Let’s start this blog with a post on a fun topic: the board-game RISK: have a look at wikipedia if you would like to know more about the game, rules etc. — it is a classic.
The attached workbook contains VBA code that calculates probabilities for battle outcomes of the risk board game.
Included are the following routines:
- calc_basic_probabilities: this routines calculates the odds for battle outcomes after one roll of dice: these probabilities of course depend on how many attacking and defending armies are involved. They are fundamental for all other calculations.
- probab4: this routine calculates the probability for the transition of one battle situation (say 10 attacking and 8 defending armies) to another battle situation (say 5 attacking and 0 defending armies). The code is optimised for speed and hence can also handle battle situation with large numbers of armies.
- probab_ad4: this routine calculates the probability that, given a certain battle situation, the defending armies are wiped out and the territory is conquered by the attacking armies. Again, the code is optimised for speed and hence can handle large numbers of armies (1000 is not a problem on a normal PC)
- el_a: this routine calculates the expected loss of units for the attacker if the fight is continued until wipeout of either attacker or defender. el_d is the equivalent for the defender.
- probab_path: this function calculates the probability with which an attacker conquers several territories occupied with defending armies. It also calculates the expected attacking armies in the last territory.
- probab_path_full: same as probab_path, but also outputs probability of wipe-out and expected attacking armies for each territory on the way.
- probab_optimal: This function optimizes function probab_path with respect to the distribution of defending armies.
The analysis possible with these VBA routines allows to answer many tactical questions a RISK player may have, for instance
- Whenever the attacker has more armies than the defender, his expected losses are lower than the expected losses of the defender — therefore it seems advisable to be quite aggressive when attacking, unless other strategic considerations come into play.

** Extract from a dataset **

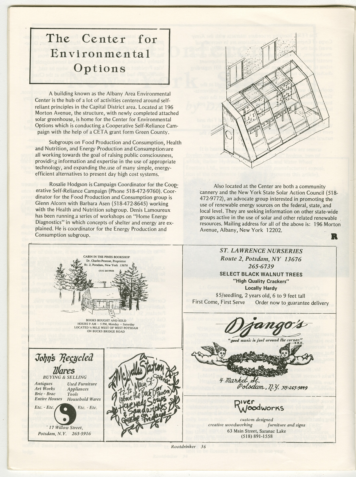 PDF:rootdrinker_v3_n13_1979_36.pdf(753.86 KB) Overview Issue:Rootdrinker; Volume 3, Number 13, Autumn 1979 Bibliographic Citation:"The Center for Environmental Options." Rootdrinker 3.13 (1979): 36. Journal Title:Rootdrinker Creator: Subject: Source:Original format: Published in Rootdrinker, volume 3, number 13, 1979. ODY Special Collections F127.S23 R66 Language:eng Start Page 36 Relation:Back to the Land Rights Rights Management:Original materials may be protected by the Copyright Law of the United States (more information). Resource Identifier:ODY Special Collections F127.S23 R66 Technical Digitization Specifications:Scanned at 600ppi on Epson 1000XL scanner as 48-bit RGB uncompressed TIFF images. Images resized to 1200 pixels wide, 150 dpi, and saved as JPEG (level 7) in Photoshop CS4 with Unsharp Mask of 60:1. Date Digital:March 6, 2010 - 20:00 Format:text/html Type:Text

- If there are no other strategic considerations, then it makes sense for the defender to leave countries that an attacker will most likely conquer with two defending armies each. While a large attacking force will still lose less armies on average than the defender with two armies in the attacked countries, the increase in expected losses for the attacking force is slightly bigger than 1 for each added “second” defense army.
- In order to optimally defend two territories (which is very common when protecting a continent) it is best to put two defending armies into the territory facing the attacker and all other available defending armies into the other territory — at least the defense is most solid that way, other more strategic considerations might ask for a different distribution.
- A reasonable rule of thumb to determine how many attacking armies are required to conquer a series of territories is the following: Armies required= 1+ #territories + 1/2* #defending armies standing alone + 3/4* #defending armies not standing alone. This formula gives the attacker approximately a 50% chance to successfully complete the conquest. In order to get more than a 90% chance, one should add twice the square root of the number of all defending armies.
While I found these insights interesting — it is good to have some definite answers — I wrote the VBA code presented here more as a kind of algorithmic puzzle: it is fairly straightforward to write slow code, but try then to optimise it: every time you are proud of your latest improvement, the next efficiency gain by a factor 2 is already waiting. So here is the challenge: whoever shows me a significantly more efficient algorithm in VBA for the function probab_ad4 will receive a honorable mention in a follow-up post and a link to where ever you want me to link to (embarrassing is fine, illegal, X-rated or virus infected not).
Attached below is a workbook with all the described macros. No warranty whatsoever is accepted, you are using this entirely at your own risk.
Attached below is a new version of the spreadsheet, which now allows one to modify the individual roll probabilities such as to accommodate a rule variation described in a comment below: the highest die roll of either party is increased by one, if the party has a “general”. If the disputed territory is a “stronghold”, the highest rolling die of the defender also gets increased by one, which might add to the effect of a defending general.
As one might expect, these additional effects change the game fundamentally and most of the observations described above lose their validity once a general is in play. For instance:
- If the defender has a general or stronghold, then the attacker will — on average — always lose more armies than the defender, even if he attacks one army with three armies of his own.
- When the defender has a stronghold or general and is trying to defend a series of territories, it will make most sense to accumulate all or almost all his defending armies in the territory with the advantage, irrespective of the order by which the territories are to be attacked.
More detailed analyses are possible with the attached tool, but as this rule variation is not very common, I will leave these to the interested reader.
Attached below is the updated workbook. No warranty whatsoever is accepted, you are using this entirely at your own risk.